What a great decision! I thought.

She told me that within a week of cooking up some compote, someone asked her what she was doing because she looked different.

How cool is that? I thought.

And then my friend had a houseguest for a few days. And then she went away for a weekend. And there's the full-time job and volunteer work and, alas, laundry and dusting….

How do we make time to make compote? Or peel carrots for snacks, or any of the other tasks that take more minutes than slapping some cheese between a couple of slices of bread, or pulling a muffin from the bag?

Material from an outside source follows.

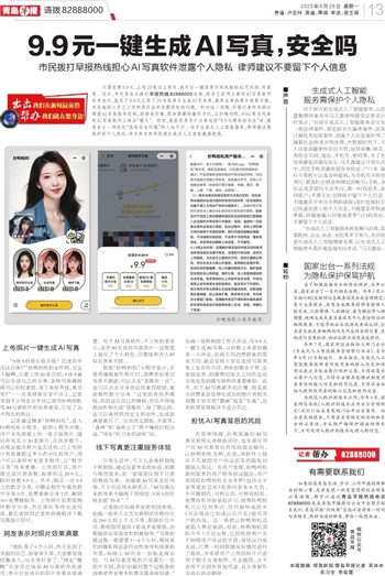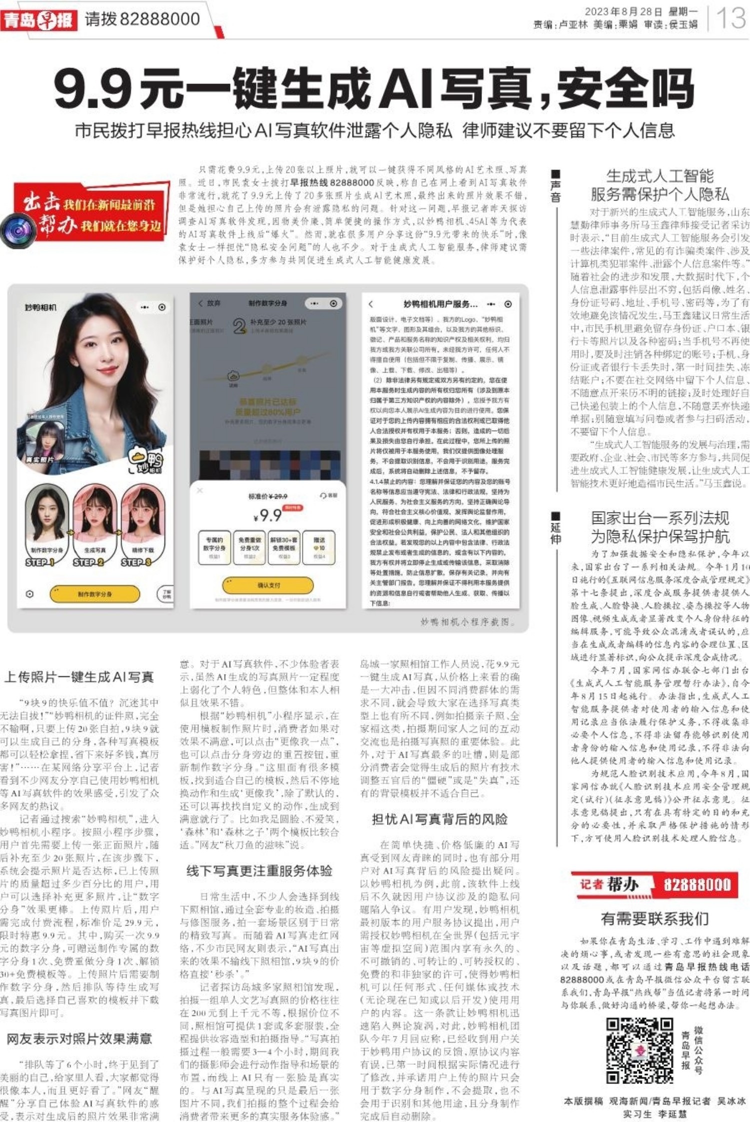 只需花费9.9元,上传20张以上照片,就可以一键获得不同风格的AI艺术照、写真照。近日,市民袁女士拨打早报热线82888000反映,称自己在网上看到AI写真软件非常流行,就花了9.9元上传了20多张照片生成AI艺术照,最终出来的照片效果不错,但是她担心自己上传的照片会有泄露隐私的问题。针对这一问题,早报记者昨天探访调查AI写真软件发现,因物美价廉、简单便捷的操作方式,以妙鸭相机、45AI等为代表的AI写真软件上线后“爆火”。然而,就在很多用户分享这份“9.9元带来的快乐”时,像袁女士一样担忧“隐私安全问题”的人也不少。对于生成式人工智能服务,律师建议需保护好个人隐私,多方参与共同促进生成式人工智能健康发展。

I referred once to Sunday Set-up as explained by Kathy Kaehler, a lifestyle celebrity in the US.

I'm revisiting it again, because I still find the principle a huge help.

I don't do a whole week's worth of veg in one go.

Instead, a few times a week, while I'm waiting for my teakettle to boil, I wash and chop a head of broccoli; peel and grate maybe three carrots; rinse, tear and spin a couple of salads' worth of greens.

The next time I put the kettle on, I'll peel and chop a few carrots, wash and slice a pepper or two.

I throw it all in bowls in the fridge and it is SO MUCH EASIER to resist peanut butter toast when all I have to do is grab a handful of broccoli and toss it in a pot to steam while I toss the grated carrots with a handful of walnuts and a drizzle of some basil-infused olive oil.

The food is ready to eat just as fast as toast – and it gives me time to rummage up some protein, too.

The beauty of it is, I'm not taking time away from anything else.

Okay, maybe the dusting…

Tuesday, May 3, 2011

Singalong Tuesday 11

I'm curious: How are you doing? Have you found your food-fun balance point or have you teetered too far to one side or the other?

Confession time – I've been enjoying treats. Quite a lot of them. I bought the Saint chocolate-covered almonds for Easter and he returned the favour with bridge mix. And there have been cookies…

I've also been having a great time on my bicycle – riding around my hometown both for meetings and for pleasure, and I went to Washington State to gawk at tulip fields a couple of weeks ago. I've also been walking when the weather's nice – which around here means it's not pouring rain.
I walk to my library, to the gym, the grocery store, and when I have a reason to go, I march downtown and back – about an hour each way.

This morning I was thinking how lucky I am that I can afford the time to do that. And then I realized that I have to afford the time.

If I don't, my bones and muscles will get weaker, as will my heart and lungs. I definitely can't afford that. For me, it's a trade I'm glad to make – more walking, less TV. More riding, less housework.

Having said that, I have stuff to do, like everyone else. So I often have a destination – walk to the bank, ride to the farm market…that sort of thing. I've got a few loops: the library, gym and grocery store are close together so I can cover them in one afternoon; the bank and wine store are on the route to or from the egg stand.

Anybody have other strategies for managing the time/life crunch?